Она сняла темные очки и прищурилась. Глаза ее были словно расколотые призмы; голубые, серые, зеленые искры – как в осколках хрусталя.

– Это он тебе сказал, – прошептала она дрожащим голосом. – Прошу тебя! Где он?

Она выбежала мимо меня на лестницу.

– Фред! – закричала она вниз. – Фред, дорогой! Где ты?

Я слышал, как шагает вверх по лестнице Док Голайтли. Голова его показалась над перилами, и Холли отпрянула – не от испуга, а как будто от разочарования. А он уже стоял перед ней, виноватый и застенчивый.

– Ах ты Господи, Луламей, – начал он и замолк, потому что Холли смотрела на него пустым взглядом, словно не узнавая. – Ой, золотко, – сказал он, – да тебя здесь, видно, не кормят. Худая стала. Как раньше. Вся как есть отощала.

Холли притронулась к обросшему щетиной подбородку, словно не веря, что видит его наяву.

– Здравствуй, Док, – сказала она мягко и поцеловала его в щеку. – Здравствуй, Док, – повторила она радостно, когда он поднял ее в воздух, чуть не раздавив в своих объятиях.

– Ах ты Боже мой! – И он засмеялся с облегчением. – Луламей! Слава тебе Господи.

Ни он, ни она не обратили на меня внимания, когда я протиснулся мимо них и пошел к себе в комнату. Казалось, они не заметили и мадам Сапфии Спанеллы, когда та высунулась из своей двери и заорала: "Тише, вы! Позорище! Нашла место развратничать".

– Развелась с ним? Конечно, я с ним не разводилась. Мне-то было всего четырнадцать. Брак не мог считаться законным. – Холли пощелкала по пустому бокалу. – Мистер Белл, дорогой, еще два мартини.

Джо Белл – мы сидели у него в баре – принял заказ неохотно.

– Раненько вы взялись наливаться, – заметил он, посасывая таблетку.

На черных часах позади стойки не было еще и двенадцати, а мы уже выпили по три коктейля.

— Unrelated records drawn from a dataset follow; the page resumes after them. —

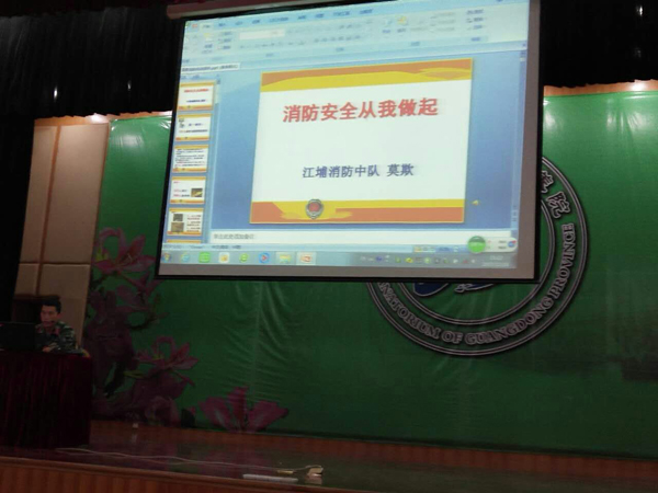 下午3:00,院邀请从化消防总队江埔支队消防助理莫欺在院怡香阁礼堂对全体人员进行消防知识培训,通过投影讲解逃生自救七十二口诀。大家聚精会神,认真听讲,受到一次消防理论培训。理论培训后全体人员在餐厅大堂模拟火警逃生演习。大家用湿白毛巾捂住口鼻,从模拟火场匍匐逃生,体检自救技能。
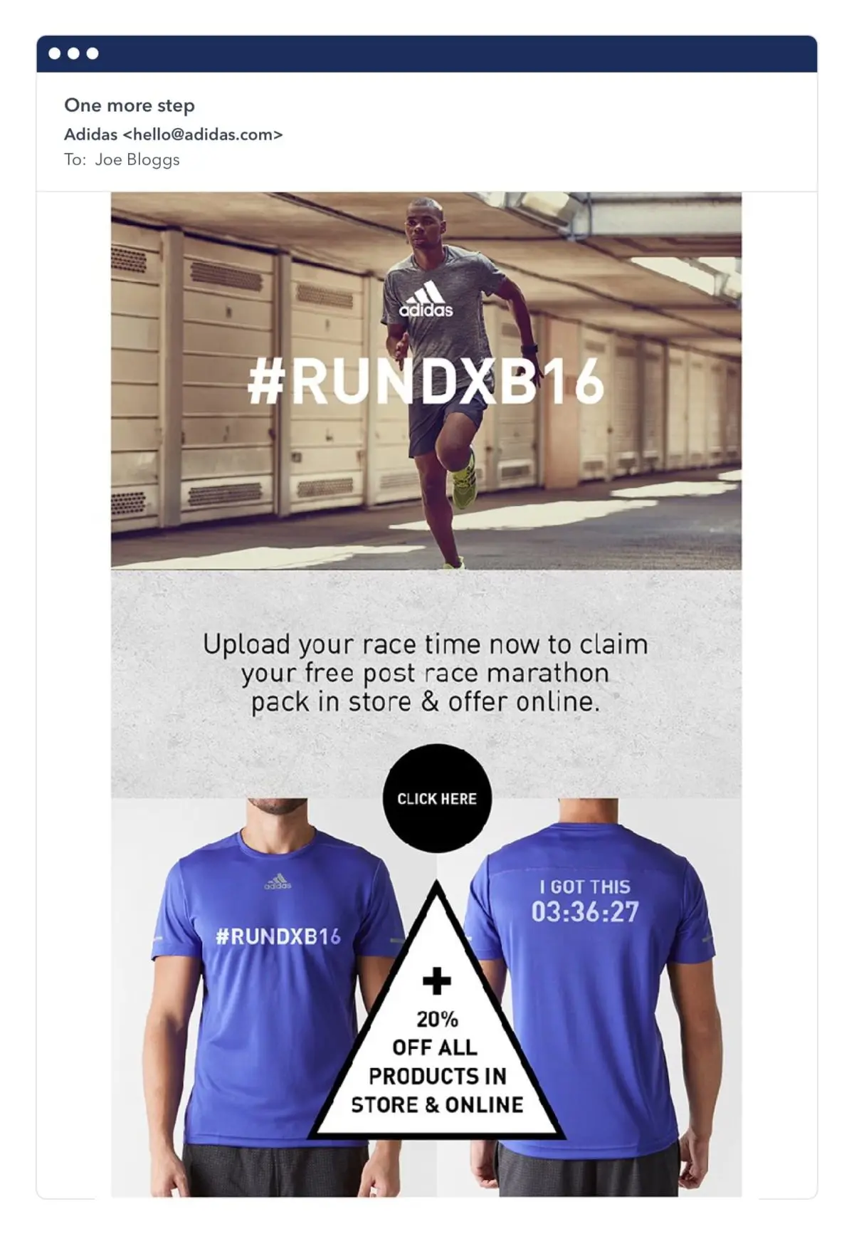 Below you can see an email they sent to a customer who was interested in clothes to wear during a race.
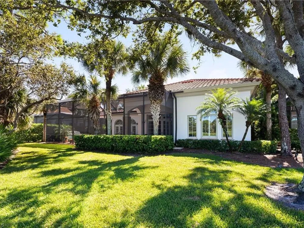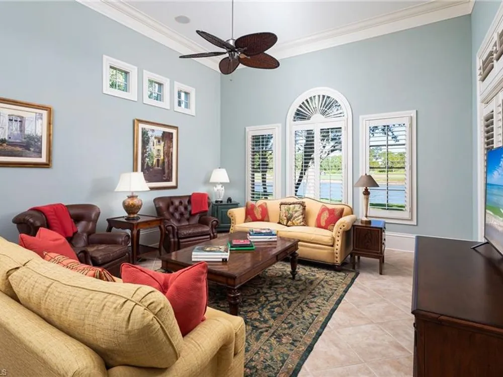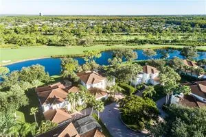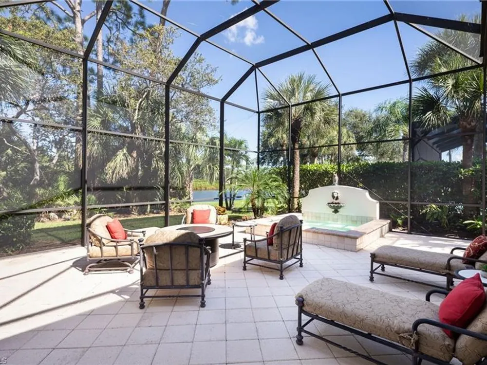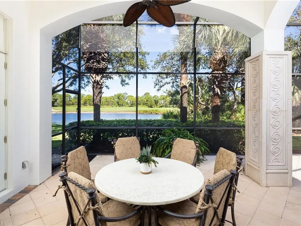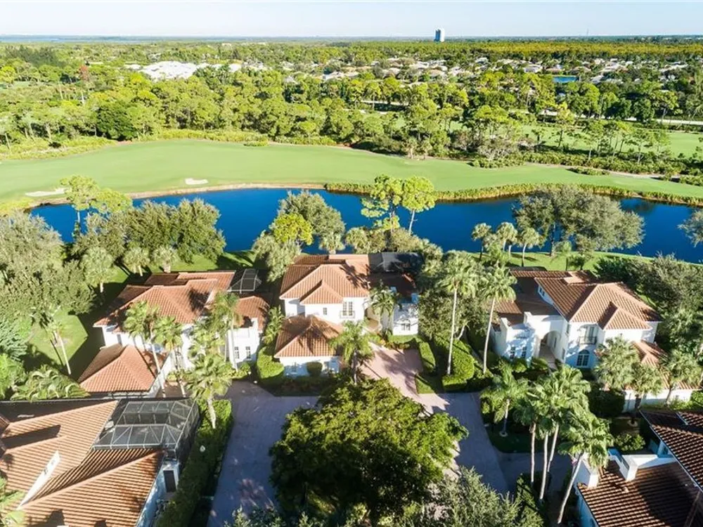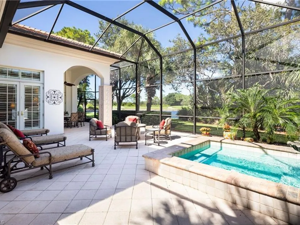 Welcome to Las Palmas in The Colony Golf & Bay Club- RARE OPPORTUNITY WITH A FULL GOLF MEMBERSHIP IMMEDIATELY AVAILABLE with this home, providing immediate access to championship golf without the wait. ONE OF THE BEST VIEWS IN THE COLONY—SPECTACULAR LAKE AND GOLF COURSE VISTAS! The Mediterranean style enclave of Las Palmas offers single family home living without the maintenance! This 4 bedroom , 3.5 bath residence is perfectly positioned on a private cul-de-sac homesite with magnificent views that captures postcard sunsets over the lake and the 5th fairway. Thoughtfully updated and beautifully maintained, this home features a NEW tile roof (2022), NEW HVAC systems (2020) includes air conditioned garage (2020), on-demand tankless hot water system, and a full-house generator! Elegant interiors showcase a spacious great room with volume ceilings, formal dining, living room, en-suite guest suites with private family room for your guests, and a chef’s dream kitchen with rich cabinetry, pantry, wine chiller, and gas cooktop. Enjoy the first floor master suite with sitting area and exquisite master bath with jacuzzi tub and separate shower. The layout flows effortlessly to the outdoor living area, where a private spa and covered lanai await — perfect for al fresco dining and evening relaxation with panoramic views.Recent enhancements include newly painted exterior (2024), restored lanai enclosure with upgraded no-see-um screens, and new spa pump and remote controls(2025), new remote control garage entry pad (2025). The home also features plantation shutters throughout, tray ceilings, solid core doors, and Miele washer and dryer.Residents of The Colony Golf and Bay Club enjoy world-class amenities, including a 34 acre private beach island with complimentary boat shuttle, waterfront dining at The Bay Club, tennis, pickleball, fitness, kayak park, sailing center, and more. This is truly a hidden gem in Las Palmas of The Colony Golf and Bay Club with one of the best lake and golf course views! Schedule a private showing today before this opportunity is gone!
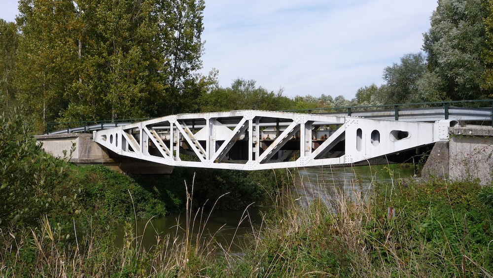Français : Le pont sur l'Oise à Manicamp. Son armature est une des pièces utilisées en Normandie par les alliés en juin 1944 pour construire les ports artificiels dans le but de débarquer du matériel. Cette pièce a été apportée en 1947.
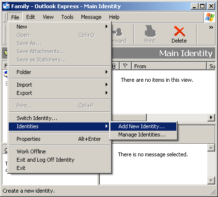 On the Toolbar, click File, select Identities and Add New Identity from the menus.
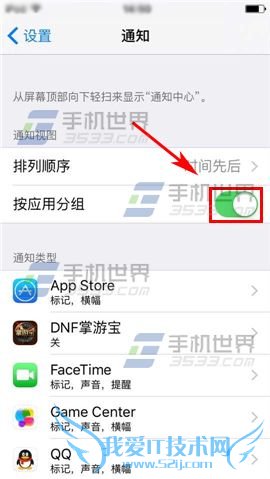 点击设置进入,然后点击【通知】一栏,再开启【按应用分组】右边滑块即可。(如下图)
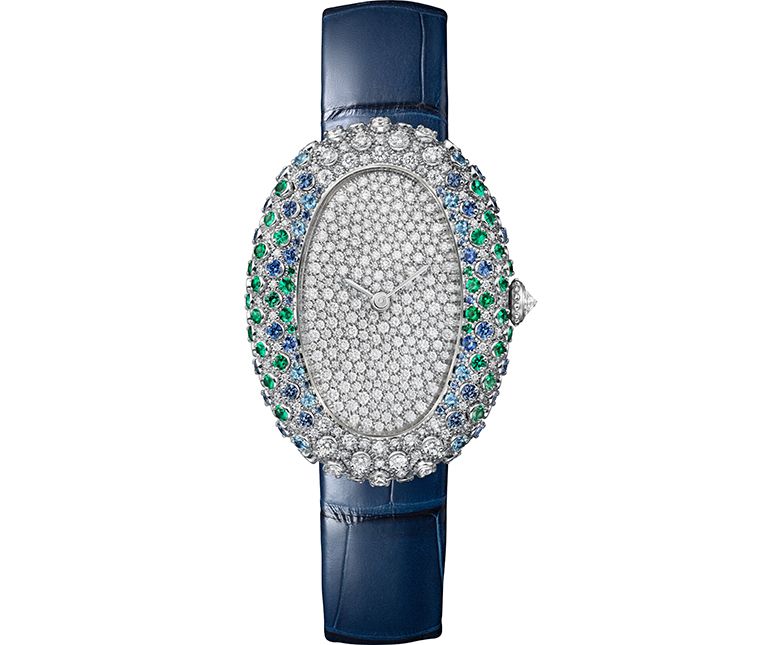คาร์เทียร์ผสานรูปทรงวงรีอันเป็นเอกลักษณ์ของเบญนัวร์เข้ากับเฉดสีซิกเนเจอร์ของเมซงอย่างสีน้ำเงินและสีเขียว เฉดสีที่หลุยส์ คาร์เทียร์ เรียกว่า “ลวดลายนกยูง” (peacock motif) ขอบตัวเรือนรังสรรค์ด้วยการประดับอัญมณีที่ซับซ้อน เพิ่มมิติและช่วยขับประกายความแวววาวของเพชร 170 เม็ด แซฟไฟร์ 58 เม็ด มรกต 54 เม็ด และอะความารีน 16 เม็ด บริเวณหน้าปัดประดับเพชรเจียระไนแบบบริลเลียนต์คัตเป็นสโนว์เซ็ตติ้ง (Snow-setting) จำนวนกว่า 262 เม็ด เปล่งประกายเล่นกับแสงไฟได้อย่างมีชีวิตชีวา ส่วนสายทำจากหนังจระเข้เคลือบเงาสีน้ำเงินพร้อมบัคเคิลแบบหมุดที่เสริมความหรูหราด้วยการประดับเพชรเจียระไนแบบบริลเลียนต์คัตอีก 21 เม็ด

– Сегодня воскресенье, мистер Белл. По воскресеньям часы отстают. А к тому же я еще не ложилась, – сказала она ему, а мне призналась: – Вернее, не спала. – Она покраснела и виновато отвернулась. Впервые на моей памяти ей захотелось оправдаться: – Понимаешь, пришлось. Док ведь вправду меня любит. И я его люблю. Тебе он, может, старым показался, серым. Но ты не знаешь, какой он добрый, как он умеет утешить и птиц, и детишек, и всякую слабую тварь. А кто тебя мог утешить – тому ты по гроб жизни обязан. Я всегда поминаю Дока в моих молитвах. Перестань, пожалуйста, ухмы­ляться, – потребовала она, гася окурок. – Я ведь правда молюсь.

– Я не ухмыляюсь. Я улыбаюсь. Удивительный ты человек.

– Наверно, – сказала она, и лицо ее, осунувшееся, помятое под безжалостным утренним светом, вдруг прояснилось; она пригладила рас­трепанные волосы, и рыжие, соломенные, белые пряди снова вспыхнули, как на рекламе шампуня. – Наверно, вид у меня кошмарный. Да и чему тут удивляться? Весь остаток ночи мы прошатались у автобусной станции. Док до самой последней минуты думал, что я с ним уеду. Хотя я ему без конца твердила: "Док, мне уже не четырнадцать лет, и я не Луламей". Но самое ужасное (я поняла это, пока мы там стояли) – все это неправда. Я и сейчас ворую индюшачьи яйца и хожу вся исцарапанная. Только теперь я это называю "лезть на стенку".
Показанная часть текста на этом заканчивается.